- **Exercise prompt**: Each line of the data below between the one containing "Finas laminas de" and the one containing "커터앤벅 노르딕 무늬 스웨터 로고 자수 골프 L", both included, is to be repeated exactly. Please omit pictures.

- **Data for processing**:
━━━

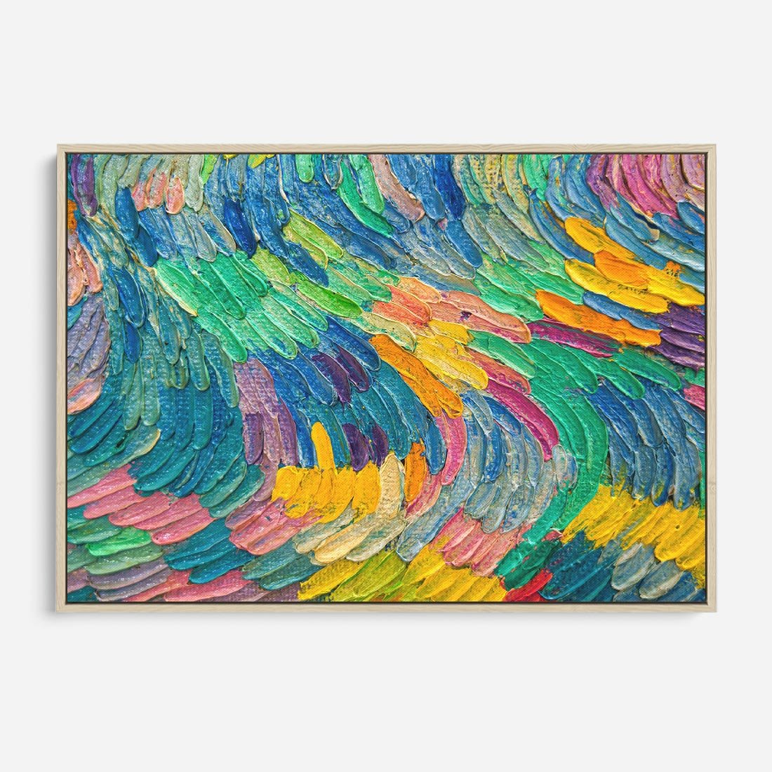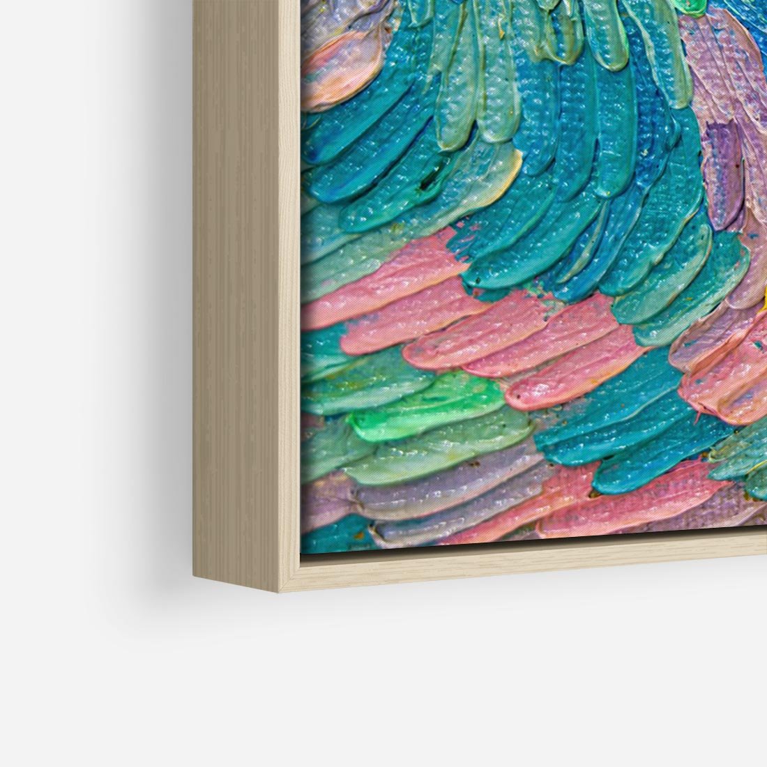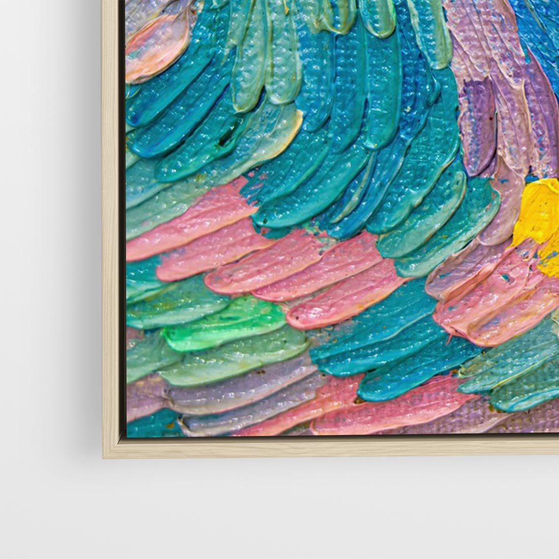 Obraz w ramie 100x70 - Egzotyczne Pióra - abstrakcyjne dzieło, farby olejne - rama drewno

━━━

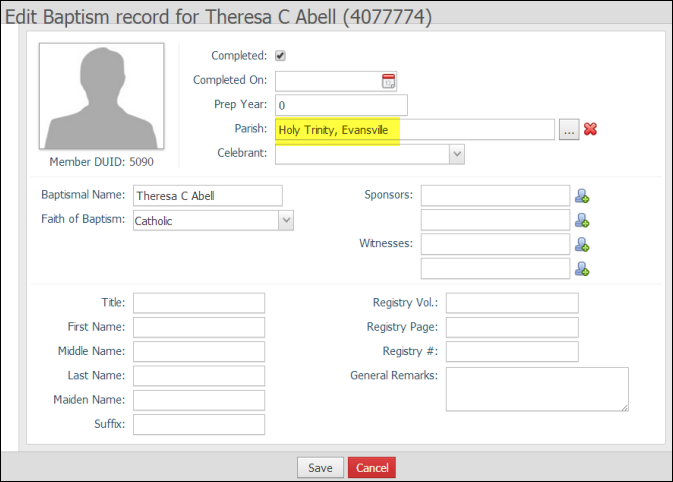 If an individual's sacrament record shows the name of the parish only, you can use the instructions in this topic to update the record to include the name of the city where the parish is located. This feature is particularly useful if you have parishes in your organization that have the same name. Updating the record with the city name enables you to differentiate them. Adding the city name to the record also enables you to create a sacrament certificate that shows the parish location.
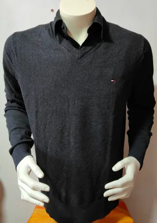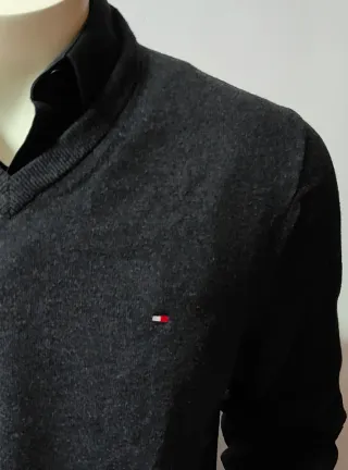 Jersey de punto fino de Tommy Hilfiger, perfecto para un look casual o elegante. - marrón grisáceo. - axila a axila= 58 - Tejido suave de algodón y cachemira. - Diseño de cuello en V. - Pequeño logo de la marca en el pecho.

━━━

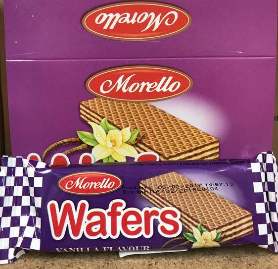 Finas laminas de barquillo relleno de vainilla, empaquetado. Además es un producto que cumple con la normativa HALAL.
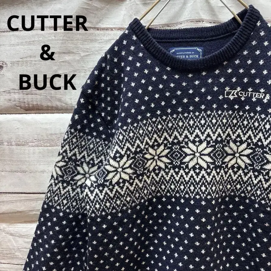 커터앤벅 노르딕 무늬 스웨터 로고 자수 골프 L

━━━

- **Task answer**:
 Finas laminas de barquillo relleno de vainilla, empaquetado. Además es un producto que cumple con la normativa HALAL.
 커터앤벅 노르딕 무늬 스웨터 로고 자수 골프 L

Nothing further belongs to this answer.